No, in fact my rat became much more social with us after she got a friend.


----------



## Stace87 (Jun 24, 2008)

*Re: Meet Ms Ratty!*

No it wouldn't make them less interested in playing with you. I think it helps to improve the confidence of ratties. Plus it would mean she has a playmate when she isn't out with you


----------



## Ms_Ratty (Jul 14, 2008)

*Re: Meet Ms Ratty!*

Ok, thanx guys


----------



## Ms_Ratty (Jul 14, 2008)

Well today I got a sister for Ms Ratty, her name is Ms Moussey (as in chocolate mousse) and I got them a nice cage. Already Ms Ratty is more outgoing and not hiding in her little house.


----------



## Stace87 (Jun 24, 2008)

That's nice she has a friend  I hope they get on well.


----------



## Ms_Ratty (Jul 14, 2008)

So far they are getting along as though they've always been together, I'm very pleased.


----------



## zombiedork (Jul 7, 2008)

aweh! They are both such cuties


----------



## xkawx (Sep 26, 2007)

gorgeus little girls


----------



## Indigo_Paradox (Jul 10, 2008)

Oh they are so cute cute cute!

-Rozaylia


----------



## KayRatz (Apr 5, 2007)

They are cuuuute! But how big is that wheel? It needs to be at least 11" for your ratties or they may hurt their backs


----------



## Ms_Ratty (Jul 14, 2008)

The wheel is 8" but it's the biggest one I could find. I was told to get a plastic one and not a wire one because their feet could get stuck. While they're small it'll suffice and I can always get a bigger one once they grow. At the moment they haven't used it.

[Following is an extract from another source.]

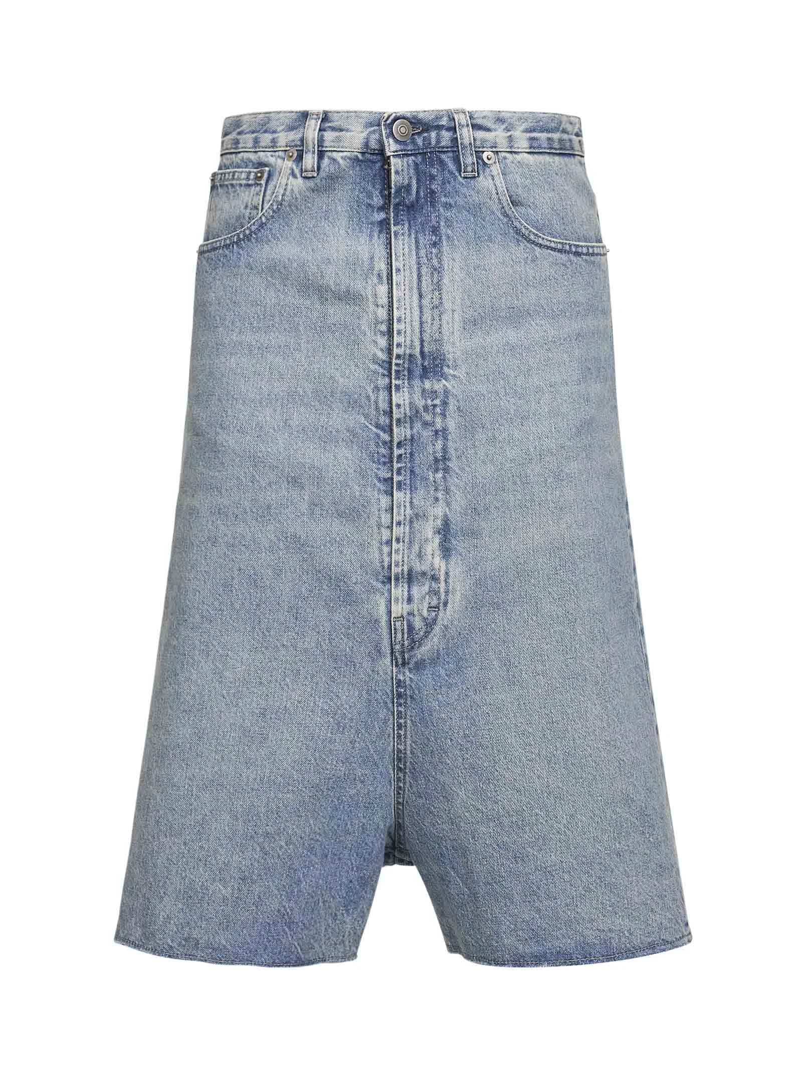 - Front long zip-fly closure, metal logo button - Waist with belt loops; exaggerated dropped crotch - Five-pocket model - Four stitches at back - Frayed hems - Below-the-knee length - Ice blue color - 100% cotton - Made in italy Natural (Veg): Cotton100 % Made in: Season: P26 S67MU0065M30066962
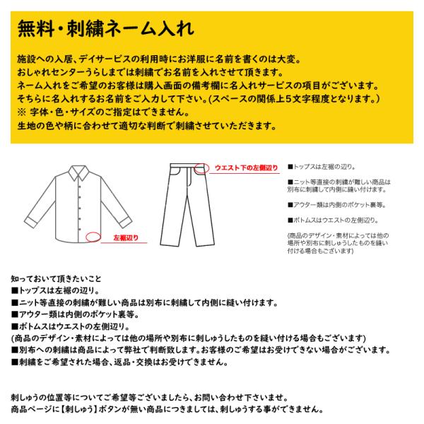 介護施設、デイサービス等でお名前の記入が必要な方には無料で刺しゅう名入れをしております。(刺しゅうの入れられない商品もございます。)

Will they hop in it on their own or do I have to encourage them? Here is a pic I took today of them lounging in their temporary hammock. I have a proper fleecy one on order.


----------



## KayRatz (Apr 5, 2007)

They'll get in on their own eventually. Order a Wodent Wheel off the internet, it's sturdy and big and my girls love it


----------



## Ms_Ratty (Jul 14, 2008)

Thanx for the tip KayRatz


----------



## saosin (Jan 6, 2008)

They are really adorable!


----------



## Ms_Ratty (Jul 14, 2008)

Here's some pics of the new wheel I got yesterday.


----------



## SamAnthrax (Jan 5, 2008)

Aw adorable! I like the cage


----------



## AceYourFace (Jan 4, 2008)

wow! thats a great cage  Your rats are so cute! Next time I would recommend proper QT and Intros when you get more rats. Unless they were from the same batch/litter.

This thread will give you all the info.
http://www.ratforum.com/Forums/viewtopic/t=3991.html

Congrats on the ratties!!!


----------



## junior_j (Jan 24, 2008)

Aw there sweet!
Jess x


----------